Sell that bullshit to someone else, because most of us have had to work for everything we have. Welcome to the real world, honey. I just couldn’t find any sympathy in my cold, tiny heart for Landon. #RichPeopleProblems
With Kathryn, the struggle is real. No, I’m not talking about her bun in the oven or her issues with Thomas. I’m talking about the fact that she was not invited to Patricia’s flamingo party! She calls Thomas to complain about feeling left out. He decides to man up and do something about it.
#NewCraig is getting serious about life, too. He meets up with Cameran his sister from a different mister, to buy a ring for his rich girlfriend, Naomie. He’s punching above his weight with this one, so he wants to lock it down and he needs Cameran to help him pick the right pre-engagement ring. *record screech* What now? A pre-engagement ring? Boy needs to look up the definition of adult, because adults get fully engaged.
Thomas decides to honor at least one promise. After using his pink Clarisonic he heads over to Patty’s house. He tries to bribe her with a big ass candle and lots of empty flattery to get Kathryn an invite to the party, but Miss Patty ain’t having it. In her opinion, Kathyryn is a hot, angry mess. Final answer: not in this lifetime.
Now comes the big day for the polo match. JD and his wife, Elizabeth, are excited to see Kathryn and the baby. They can’t understand why Kathryn has distanced herself from them. They are Kenzie‘s godparents after all.

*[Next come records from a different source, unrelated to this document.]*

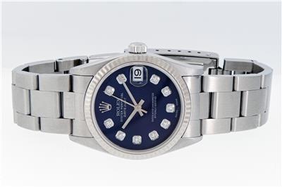 Custom Blue Dial Set With 10 Added Genuine Round (VVS H Color) Diamond Markers.
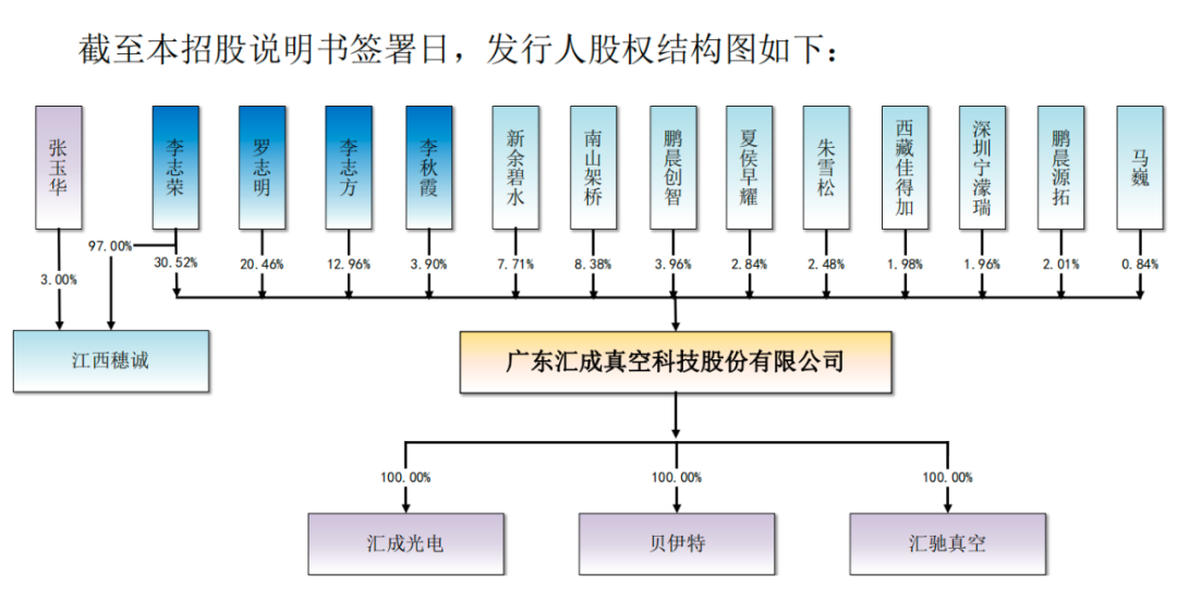 截至招股書簽署之日,匯成真空的實際控制人為李志榮、羅志明、李志方、李秋霞。李志榮、羅志明分別直接持有公司30.52%、20.46%的股份,李志方、李秋霞直接及間接持有公司13.63%、7.51%的股份,四人為同胞兄弟姐妹。
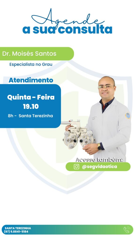 A SegVida em Santa Terezinha comunica aos seus usuários que o Optometrista Drº Moisés Santos estará atendendo por agendamento no dia 19 de outubro a partir das 08:00 horas da manhã. Reserve agora mesmo seu atendimento entrando em contato pelo número (87) 98841-5184.
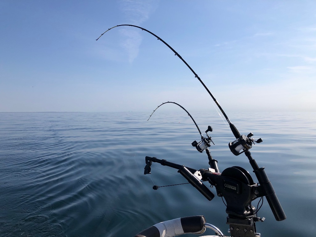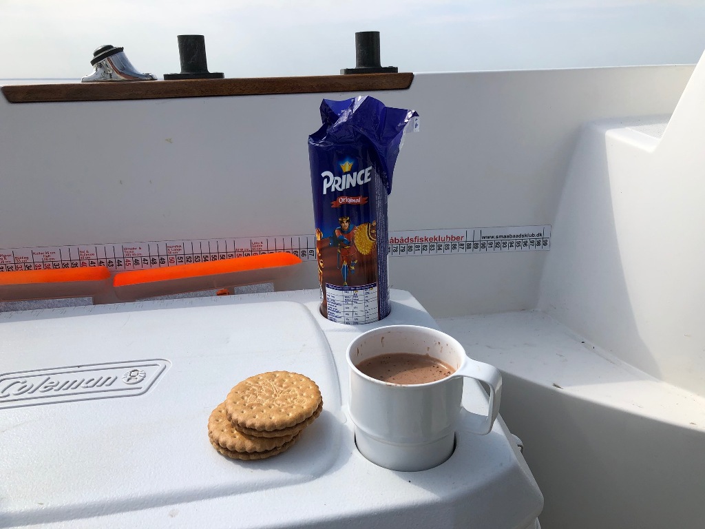 Vores plan var at sejle mod den sydvestlige kyst af Sverige for at se om vi ikke kunne stikke næsen mod Trelleborg. Vi ville jo gerne se om vi ikke kunne nappe en laks alligevel, når nu vi ikke kunne komme til vores foretrukne fiskespot med udgang fra Møn. Jeg måtte kaptitulere efter 40 min. sejlads med en snitfart på 23 knob med min lille båd, da bølgehøjden blev for meget. Jeg ved af erfaring, at jeg har svært ved at styre alle stænger samtidig med at jeg skal styre båden, når jeg ikke har en gast med. Jeg havde også konstateret, at min VHF ikke kunne sende, men kun modtage. Jeg ringede Tony op på telefonen i stedte og meldte, at jeg ville gå nordpå igen og affiske den nordlige del af bugten i stedet. Her var der fuldstændig havblik. Lidt mærkeligt at man kun skal sejle så kort strækning for at finde roligt vand.
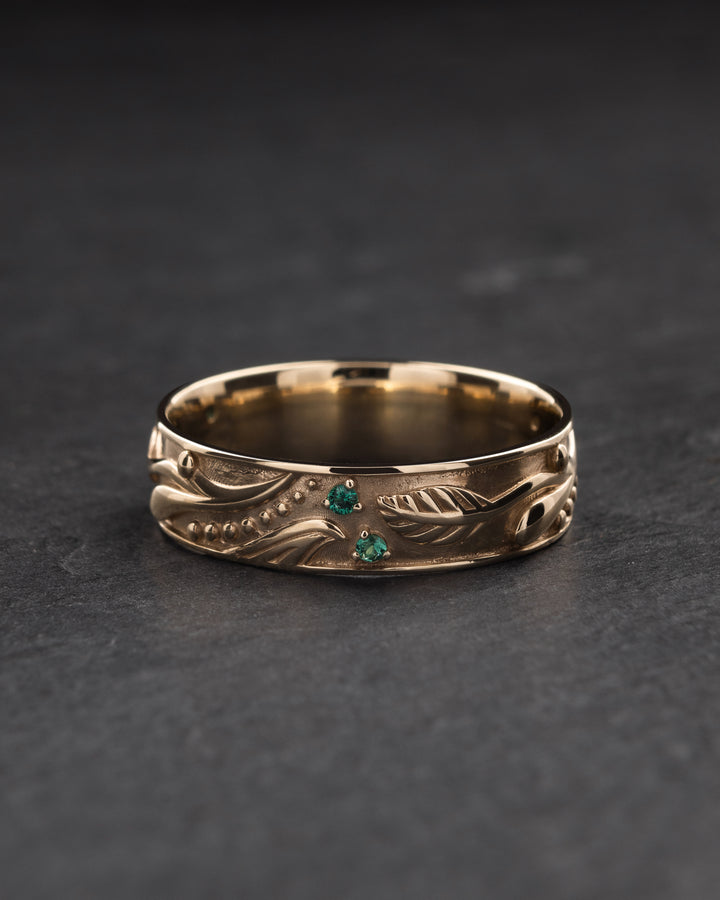 If you've chosen Callisto engagement ring for her, this ring could be an option for man's wedding band. It features matching leaf design with carved elements all around the band. This version has lab emerald gemstones, but is available with other gemstones or without any as well.
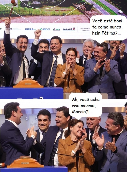 Os cliques são de quinta-feira, no leilão de rodovias do Paraná, na Bolsa de Valores, em São Paulo. A comitiva liderada pelo governador Ratinho Jr incluiu três mourãoenses – o prefeito Douglas Fabrício e o casal Márcio Nunes (secretário de Estado da Agricultura) e Fátima Nunes (vice-prefeita).
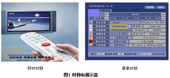 即時(shí)時(shí)移指用戶在觀看直播電視的同時(shí),支持暫停、快退、快進(jìn)、定位、切換、狀態(tài)顯示、時(shí)間顯示等操作。使用戶不再受節(jié)目播出時(shí)間的限制,而且可以直接挑選自己喜歡觀看的節(jié)目,跳過(guò)不感興趣的節(jié)目。通過(guò)時(shí)移電視(Time-shifted
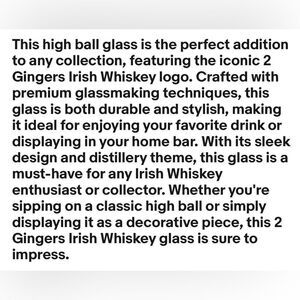 2 Gingers Irish Whiskey Highball Glass 6 1/4 In Tall 3 In Round Clear Brown 16
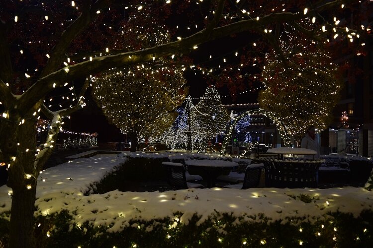 The lights visitors will see this year are part of Phase 1 of a three-phase lighting project the committee plans to expand on in the next couple years, Schutte says. Phase 1 included the esplanade in front of COhatch and some lighting on City Hall Plaza. The lights were lit Nov. 29, and the lights and music will be on every night from 5 to 9 p.m. through New Year.
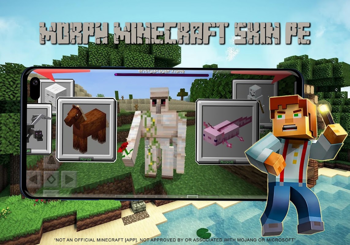 Приложение Morph MOD для Minecraft Skin — неофициальное приложение для Minecraft. Не одобрено и не связано с Mojang или Microsoft. Это приложение не связано с Mojang AB, название Minecraft, бренд Minecraft, активы Minecraft и все свойства Minecraft являются собственностью уважаемой Mojang AB.
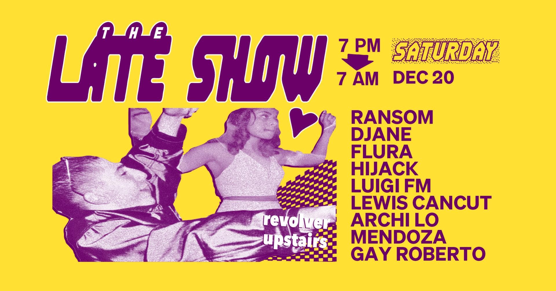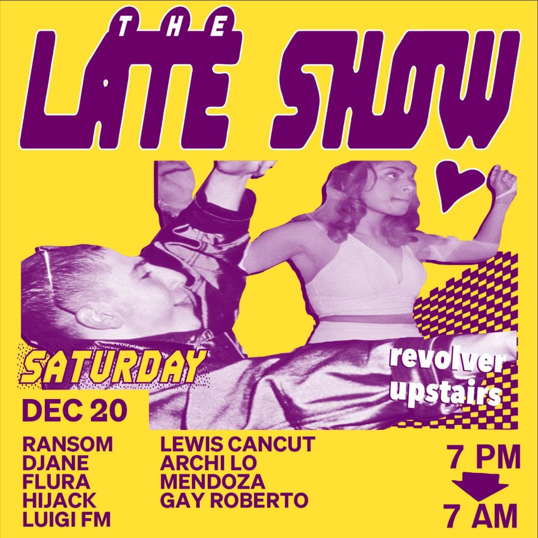 The Late Show is Revolver’s weekly Saturday night. Spread over two rooms, the night begins with Colonel Tan’s restaurant, then gathers pace around 10pm. In the front room, a barrage of Garage, Bassline, Techno and Qgom is shelled down; while in the back-bar, DJ’s splice together House with layers of Italo, Soca and Afro. Residents Ransom, Lewis CanCut and guests plus Boogs from 7am Sunday.

Jen makes a two hour drive in her Maserati to pick up Kathryn and the baby. Then she turns around and drives another two hours to the polo match. But when they arrive, Kathryn refuses to get out of the car. She’s disgusted to see T-Rav‘s friends present, sipping cocktails. How dare he invite these people to his own event? This was supposed to be a family day. When she does finally emerge, Kathryn acts bitchy to everyone. She leaves Nanny Dawn in charge and makes for the porta potty. When she steps out, she sees Elizabeth helping Kensie put on her shoe, and all hell breaks loose.
Kathryn has all sorts of excuses for her anger. She was upset about having alcohol in Kensie’s presence. (Right, because Thomas is sober.) Elizabeth offered to douse the drinks, but Kathryn doesn’t care, she just wants to leave.
I couldn’t figure out why Kathryn was being so irrational. It made zero sense, but JD claims he’s seen this type of behavior before, and I believe him.
Kathryn orders Nanny Dawn to take the baby back to her parents’ home. Another two hour drive. If I were a betting woman, I’d say Kathryn wanted some baby-free time with Jen before going back to the country. Why drive separate cars if they’re all heading home, hmmm?
Thomas loses his polo match, and as he looks around, he wonders aloud what happened to Kathryn. After a few minutes, he realizes the baby isn’t there either. “Where’s my baby?” he demands. He whips off his shirt in anger. After all, he only gets six days a month with Kensie. He promises retribution against Kathryn.
And there you have it. So what’s your take? Should Craig go full-on engagement ring? Should T-Rav and Kathryn have their baby-makers tied? And what is Kathryn’s deal—hormones or cray-cray? I’ll let you hash it out in the comments.